Caveat Lector (Let the reader beware).

Ben Okopnik
On board S/V "Ulysses", Saint Augustine, Florida


Frink Ooblick had fallen asleep at the keyboard. He had been alternately playing and trying to puzzle out the number-guessing game that Woomert had written (the first had proven easy, but the second still eluded him); in fact, his last unfinished game was still visible on the screen:


perl -wlne'BEGIN{$b=rand$=}$a=qw/Up exit Down/[($_<=>int$b)+1];print eval$a' 50 Down 25 Up 37 Up 44 Up
What was the secret? How did it work? [1] Frink's dreams were full of floating bits of code which spiraled off into the distance or mutated into monstrous shapes, threatening to consume the world. The hand shaking his shoulder, waking him, was therefore a welcome relief. Woomert stood at his side, looking impatient.

 - "Wake up, Frink, wake up! The game's afoot, you slug-a-bed; let's go!"

 - "Uh... Erm... I'm, uh, awake. What's up?"

 - "In the living room. Come on, come on, there's not a moment to lose!"

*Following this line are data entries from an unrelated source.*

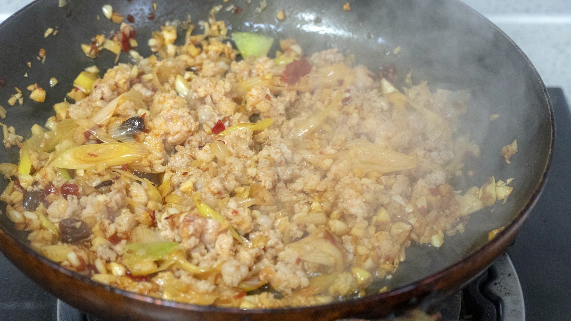 4、热锅倒油,豆瓣酱来一勺,先炒香,葱姜蒜加进来,炒香后把肉沫加进去炒一炒,炒过的肉沫会更香一些,喜欢吃辣的还可以放点辣椒面;
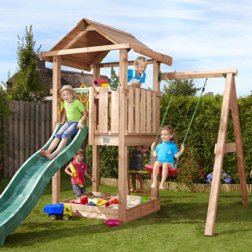 Dit fantastische speeltoestel is speciaal ontworpen voor peuters, kleuters en kinderen tot 10 jaar. Het komt met een schommel, lange glijbaan, zandbak, trapje, telescoop en stuur. Jungle Gym heeft al gedurende 30 jaar gepassioneerde ervaring in het ontwerpen en produceren van speeltoestellen en wordt befaamd om zijn topkwaliteit. Veiligheid is onze hoogste prioriteit: al onze producten worden uitbundig getest en voldoen aan de recentste Europese veiligheidsvoorschriften, EN 71. Verder zijn onze speeltoestellen volledig uitgerust en worden ze standaard geleverd met alles wat nodig is. De materialen zijn van uitstekende kwaliteit, weerbestendig en vragen maar weinig onderhoud. Ze zijn volkomen veilig voor kinderen, zonder enige giftige stoffen of allergenen.
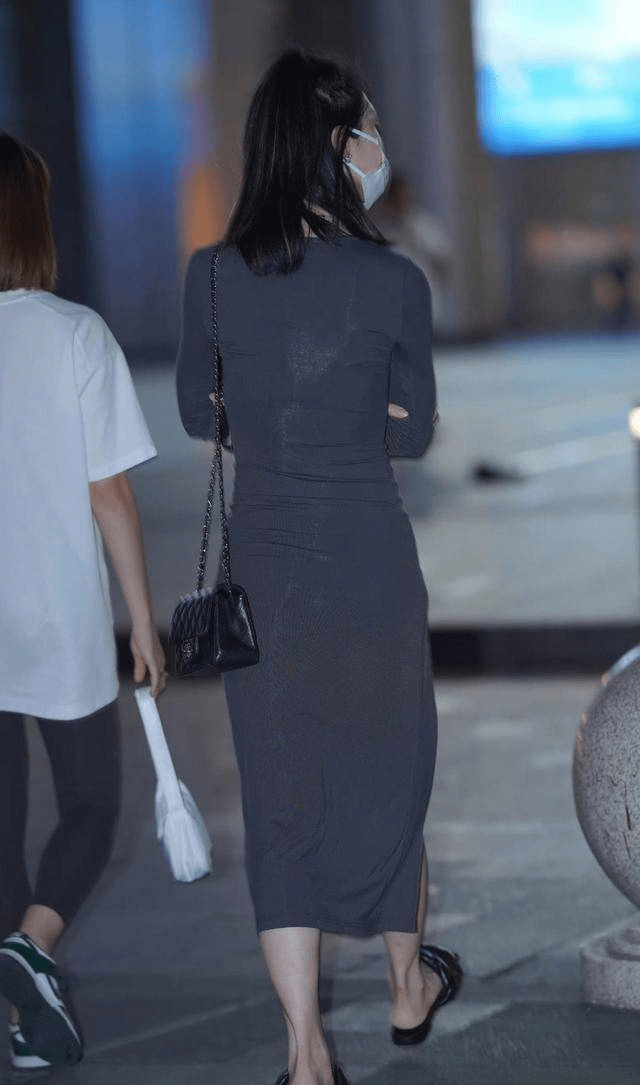— 美女穿灰色吊带裙,清凉舒适,凸显纤细身材与韵味十足 —

Frink's first sight of their visitor brought him to a stop. Used to dealing with the working crowd - sysadmins, techs, etc. - he had expected the usual scruffy-and-competent look, perhaps complete with hiking boots; what greeted his eyes was a fellow in a pinstripe suit, crisp white shirt, a red "power" tie, and lacquered black shoes. He had been impatiently pacing the floor, and brightened up considerably at the sight of Frink.

 - "Ah, this must be the second team member in your organizational hierarchy! Excellent; now, we can get into actualizing the power strategies that will reorganize this, erm, unpredicted opportunity into the profit slot on the balance sheet. All right, here's how we wind-tunnel this: the securitization of the computing resources is predicated on leveraging..."

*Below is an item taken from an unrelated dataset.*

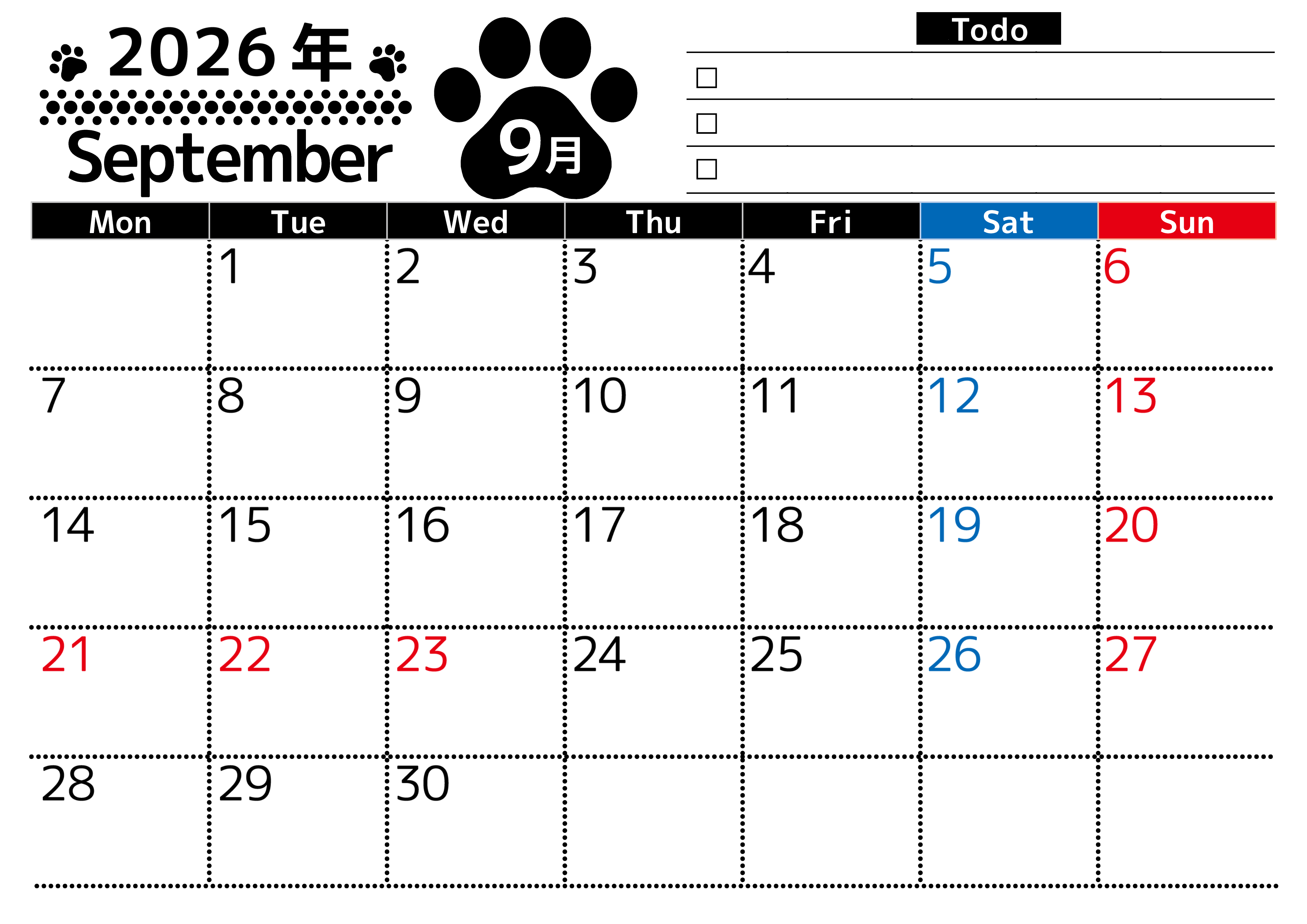 2026年・無料のカレンダーテンプレート 2026年9月カレンダーは横型月曜始まりのToDoリスト付無料素材♪資格や受験勉強の計画におすすめ♪(2026-01500901) 素材状デザイン王 2025年4月12日 2026年9月カレンダーは横型月曜始まりのToDoリスト付き無料のフリー素材です。資格や受験勉強の計画におすすめなので自己啓発をしたい方におすすめです。無料ダウンロードすればすぐに印刷ができます。(2026-01500901) 9月 横型のカレンダー 月曜始まり ToDoリスト カレンダーデザイン-0150

Keeping a cautious eye on their visitor, Frink prison-whispered to Woomert: "What's he saying? And what language is it in?"

 - "It's Marketroid. You need to learn at least the basics of it; not that it's spoken by the people who sign the checks - they don't have much time for that sort of thing - but you're going to run into it in the business world, and it's best to be prepared. Usually, though, most of these people can still speak English; let's see if this fellow remembers how. Oh, Mr. Wibbley!"

Their visitor had just finished what he obviously considered an explanation of the problem, had switched off the overhead LCD projector, put away his laser pointer, and was looking at them in an expectant manner. Clearly, he had heard of Woomert's reputation and was relying on the famous Hard-Nosed Computer Detective to deal with... well, whatever it was.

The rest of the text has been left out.